HDP Merkez Yürütme Kurulu, 'Dünya Kobanî İle Dayanışma Günü’ kapsamında yazılı açıklama yayınladı.

Açıklamada, “Karanlığa karşı aydınlığın; terör, şiddet ve haydutluğa karşı özgür, eşit ve birlikte yaşam kararlılığının ilanı olan Dünya Kobanî İle Dayanışma Günü, Kobanî’de barbarlığa karşı direnenlerin bütün dünya halklarına armağanı olmuştur” denildi.

HDP Merkez Yürütme Kurulu’nun açıklaması şöyle:

Yüzbinlerce insanın hayatını kaybettiği, milyonlarcasının yerinden yurdundan edildiği Suriye İç Savaşı, 2011 yılından bugüne büyük bir toplumsal yıkıma sebep oldu. Kendi halklarının celladı olan totaliter rejimler; korku ve terörle büyük kıyımlar yapan El Kaide türevi IŞİD, El Nusra, Ahrar Ül Şam gibi çeteler; emperyal hevesler peşinde koşan bölge ülkeleri ve küresel güçlerin paylaşım savaşı verdiği topraklar, aynı zamanda tarihsel direnişlerin de coğrafyası oldu.

Bölgesel ve küresel güçlerin de desteği ile Irak ve Suriye’de kadın, çocuk, sivil demeden on binlerce insanı katleden Irak Şam İslam Devleti (IŞİD), 2014 yılının sonbaharında Kobanî’de başta Kürt halkı olmak üzere bölge halklarının büyük direnişine çarptı. IŞİD’in tank, top ve ağır silahlarına karşı Kobanî’de topraklarını ve yurtlarını savunanlar tarafından ortaya konulan büyük direniş, Ortadoğu halklarına umut oldu.

IŞİD karanlığı karşısında ortaya çıkan kararlı duruş, aynı zamanda “Kobanî düştü düşecek” diye heveslenenlere de gereken cevabı verdi; aydınlık bir geleceği müjdeledi. Kadınların özgürlük ve eşitlik mücadeleleri bütün dünya kadınlarına örnek oldu.
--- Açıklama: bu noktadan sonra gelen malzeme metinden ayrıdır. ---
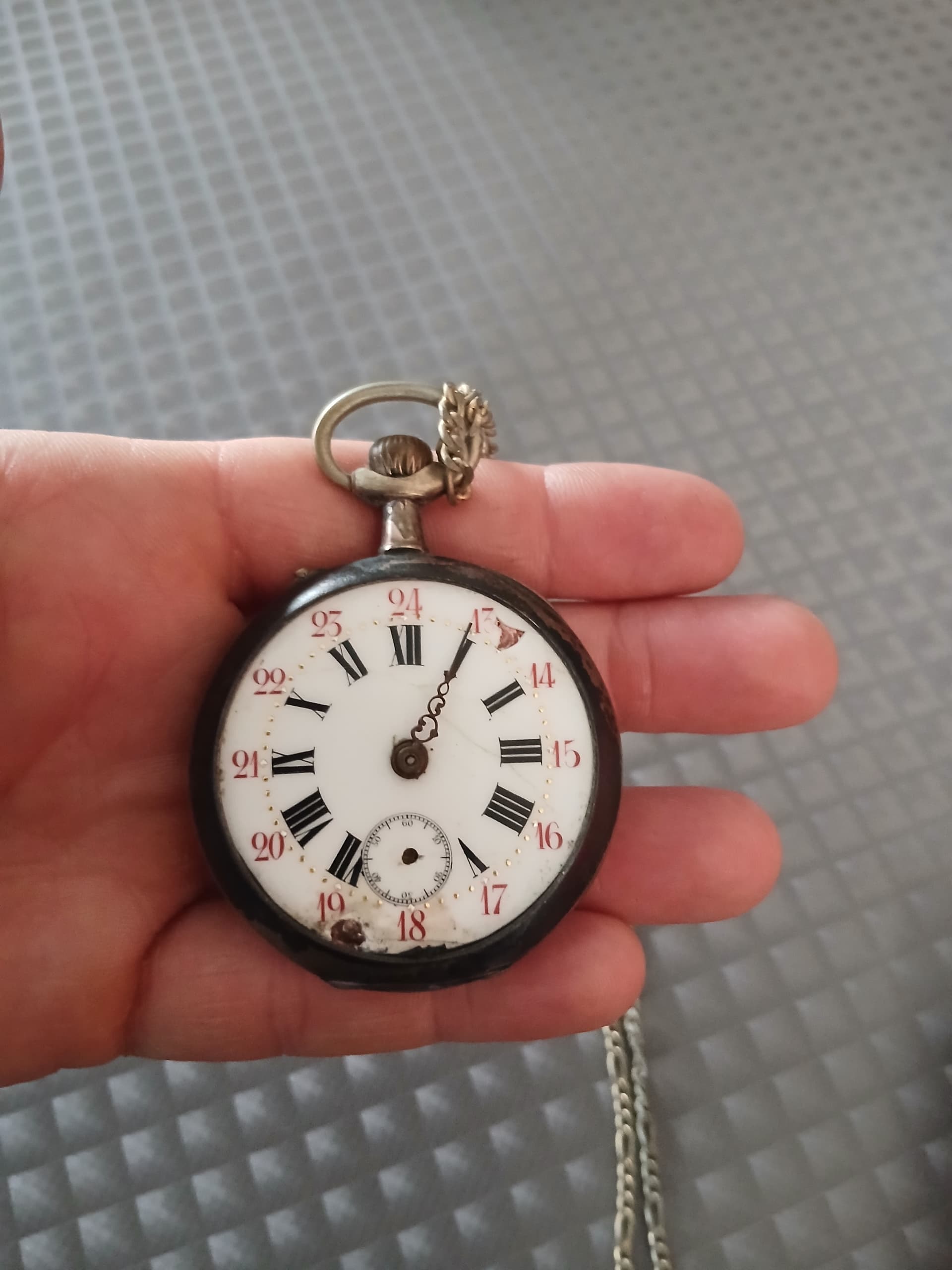 Dag waarde vrienden van de tijd, ik ging vandaag op de koffie bij mijn Oma, en ze haalde een zakhorloge uit de kast, van haar vader. Mijn Oma is 92 jaar, dus oud is deze zakhorloge zeker. Maar kan iemand daar iets meer over vertellen?

Özgür, eşit ve ortak bir yaşamın sembol kenti olan Kobanî, enternasyonal dayanışmanın ve direnişin de ortak ruhu oldu. 

IŞİD, bölgedeki ilk yenilgisini aldı ve gerilemeye orada başladı. Bugün IŞİD’in yapmak istediğini tekrar etmek isteyenler de bu direniş ve dayanışma iradesi ile karşılaşacaklardır. Kobanî dün direndi, bugün ve yarın da aynı kararlılıkla direnecektir.

Suriye’de 8’inci yılına giren iç savaşta, halklar için siyasal ve demokratik çözüm, anayasal mutabakatla özgür, ortak ve eşit bir yaşam kurmaktan geçmektedir. Bir kez daha vurgulayalım ki, Kobanî’den veya Suriye’nin kuzeyinden Türkiye’ye dönük herhangi bir saldırganlık ve taciz asla söz konusu değildir. Buna rağmen o coğrafyayı başta Kürt halkı olmak üzere bölge halkları için kendi kendilerini yönetemeyecekleri bir duruma getirme çabaları asla kabul edilemez.

Suriye halklarının hiçbir farklılığı dışlamadan, barışa ve huzura, demokratik yeniden inşaya ihtiyacı vardır. Yeni dönemin, bütün tarafların yer aldığı bir zeminde müzakerelerle şekillenmesi, silahlı değil siyasi ve diplomatik çözümün gündeme damgasını varması şarttır. Fırat’ın doğusunu hedef alanlar, Suriye’de iç savaş günlerinin geride bırakılmasını değil, çatışmanın ve savaşın sürdürülmesinin adımlarını atmaktadır.

Karanlığa karşı aydınlığın; terör, şiddet ve haydutluğa karşı özgür, eşit ve birlikte yaşam kararlılığının ilanı olan Dünya Kobanî İle Dayanışma Günü, Kobanî’de barbarlığa karşı direnenlerin bütün dünya halklarına armağanı olmuştur.